A second CZI grant for NumPy and OpenBLAS

I am happy to announce that NumPy and OpenBLAS have once again been awarded a grant from the Chan Zuckerberg Initiative through Cycle 3 of the Essential Open Source Software for Science (EOSS) program. This new grant totaling $140,000 will fund part of our efforts to improve usability and sustainability in both projects and is excellent news for the scientific computing community, which will certainly benefit from this work downstream.

Why this is important for NumPy and OpenBLAS

The Essential Open Source Software for Science program is visionary and unique. The activities supported by this funding are not restricted to new technical features. Rather, it supports maintenance, community engagement, and other types of work that often go unrewarded in open source projects. And although its primary goal is to fund the computational foundations of biology, the benefits of the work done under the Chan Zuckerberg Initiative's program extend well beyond specific scientific areas.

This is the second grant from CZI that NumPy and OpenBLAS have received. This past year, the funding has enabled several high-impact improvements to the NumPy and OpenBLAS communities. For NumPy, this has meant a new website, the establishment of the Documentation and Website Teams, and mentorship and onboarding activities to grow and diversify the maintainers for the project. For OpenBLAS, the focus has been on technical improvements (thread safety, support for the 512-bit Advanced Vector Extensions (AVX-512) code, and thread-local storage). The impacts of these developments extend throughout the scientific Python ecosystem and beyond, and the increased activity has also attracted several new contributors.

Our plans for 2021 include continuing with our efforts in documentation and community building for NumPy and also working to modernize its integration with Fortran tools via F2py, in addition to dedicating resources towards ensuring the sustainability of both NumPy and OpenBLAS. You can read the full proposal here.

Documentation

The establishment of the NumPy documentation team has resulted not only in a restructuring of the documentation and a new repository for educational content but has also created the opportunity for many new contributors to join the project. Part of this new grant will enable us to continue that work, resulting in a set of high-quality documents around NumPy while at the same time diversifying opportunities for community contributions.

F2py

As a part of NumPy, the F2py tool is used by numerous projects in the Python scientific ecosystem, including SciPy itself, to automate the compilation of Fortran code into Python modules, making it an essential piece of the infrastructure for these projects.

However, Fortran has evolved over the years. Although considered by some as a niche language, it is still very popular among scientific computing and high-performance developers and is in active development. Due to a lack of dedicated development work in the past years, F2py does not support many current features of the language. In addition, because of limited resources dedicated to testing and maintenance, regressions have been introduced in the F2py code that may result in a propagation of bugs for many other projects. With this grant, we plan to address the maintenance backlog and extend the functionality of F2py and bring back Pearu Peterson, the original author for the F2py tool, to its development.

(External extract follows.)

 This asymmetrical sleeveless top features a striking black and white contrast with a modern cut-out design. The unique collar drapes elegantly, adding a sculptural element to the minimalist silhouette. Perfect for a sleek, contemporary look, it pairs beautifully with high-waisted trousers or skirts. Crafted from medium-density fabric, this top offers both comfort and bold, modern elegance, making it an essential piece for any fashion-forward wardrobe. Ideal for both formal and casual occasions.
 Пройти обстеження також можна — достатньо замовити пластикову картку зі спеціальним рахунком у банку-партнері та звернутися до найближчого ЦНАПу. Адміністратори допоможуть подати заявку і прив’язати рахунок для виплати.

Currently, F2py supports wrapping Fortran 77 and Fortran 90 code, except for derived types introduced in Fortran 90. To support modern use cases, we plan to add support for derived types and work towards full Fortran 2003 compatibility. While there have been attempts at resolving these issues in the past, they were never integrated into NumPy, and at the moment, this would require a larger refactor of F2py, which we propose to do. We are also writing a new F2py user guide with comprehensive examples and feature descriptions.

OpenBLAS

OpenBLAS is a highly optimized library for linear algebra computations. It provides accelerated versions of BLAS (Basic Linear Algebra Subroutines and LAPACK (Linear Algebra Package), which are the two universal interfaces to perform linear algebra with. It is a key dependency of NumPy and SciPy, as well as of R and Julia. While most users will not realize they are using it, it is essential for the three leading scientific open-source programming ecosystems.

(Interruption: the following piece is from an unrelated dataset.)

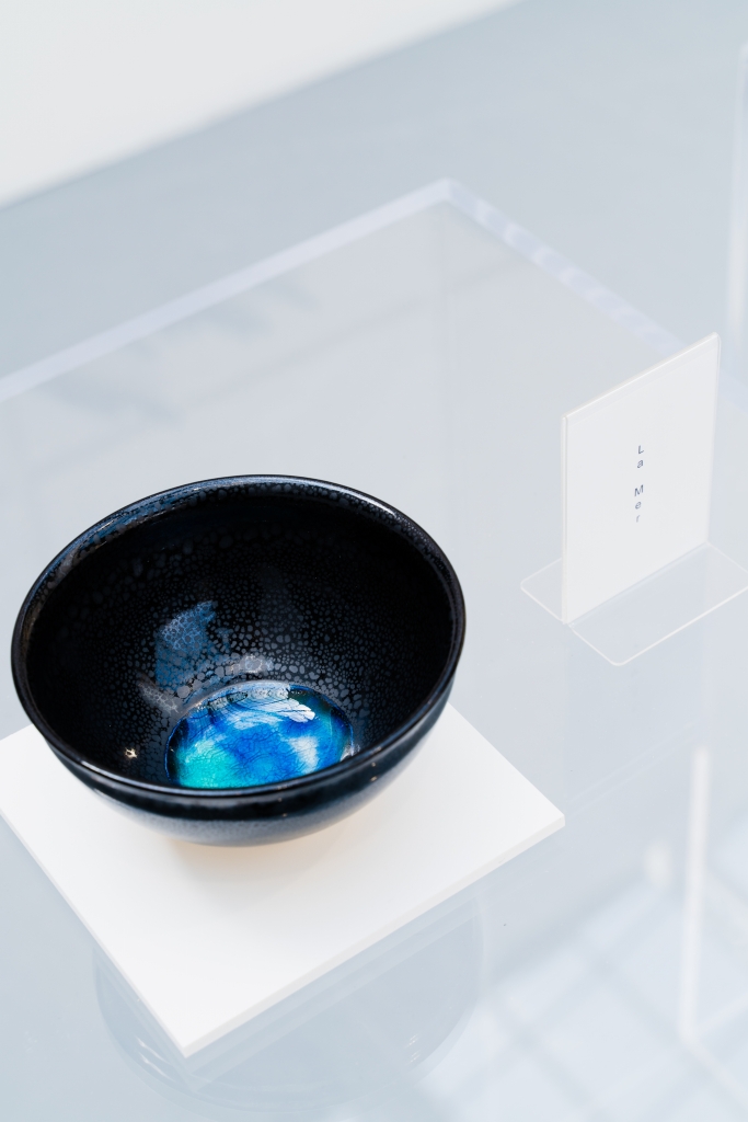 私が4歳の時に父と出会った器の中には太陽の下、沖縄の海が燦燦と輝いておりました。それはひとり陸揚げされているサバニ(小舟)に座って燦燦と照りつく太陽の光を浴びた、人が誰もいない真っ白な砂浜とブルーの海の中を眺めている情景と同じでした。現在一般的となったガラスと陶器の融合は当時邪道といわれ作る方は皆無でしたが、写真家だった父は、この焼き物も次世代の沖縄の焼き物で良いのではと思ったそうで、ここからガラスと陶器の融合の試練が始まりました。

This grant will enable the OpenBLAS maintainers to continue addressing critical technical issues. These include issues with Thread Local Storage, performance at certain problem sizes, and the implementation of BLAS extensions already provided by similar libraries.

In practice

As part of the third cycle of the ​Essential Open Source Software for Science (EOSS)​ program, CZI awarded $3 million for 17 new grants. These awards bring the total number of funded proposals to 67 projects and the EOSS program's total commitment to funding scientific open source to $11.8 million. View the ​full list of grantees​.

As for our project, the funds will be again managed by NumFOCUS as a fiscal sponsor. Of the total value (removing the overhead charges), about two-thirds will go to NumPy. This will support me, as the PI of this proposal, and Pearu Peterson part-time for a year, as a subcontract with Quansight. The remaining funds will support Martin Kroeker part-time for a year.

To work!

The actual work begins on January 1st, and I'm looking forward to this. Moving from being a part of the grant project for NumPy in 2020 to being the PI in 2021 is exciting - I can't wait to see what we do next!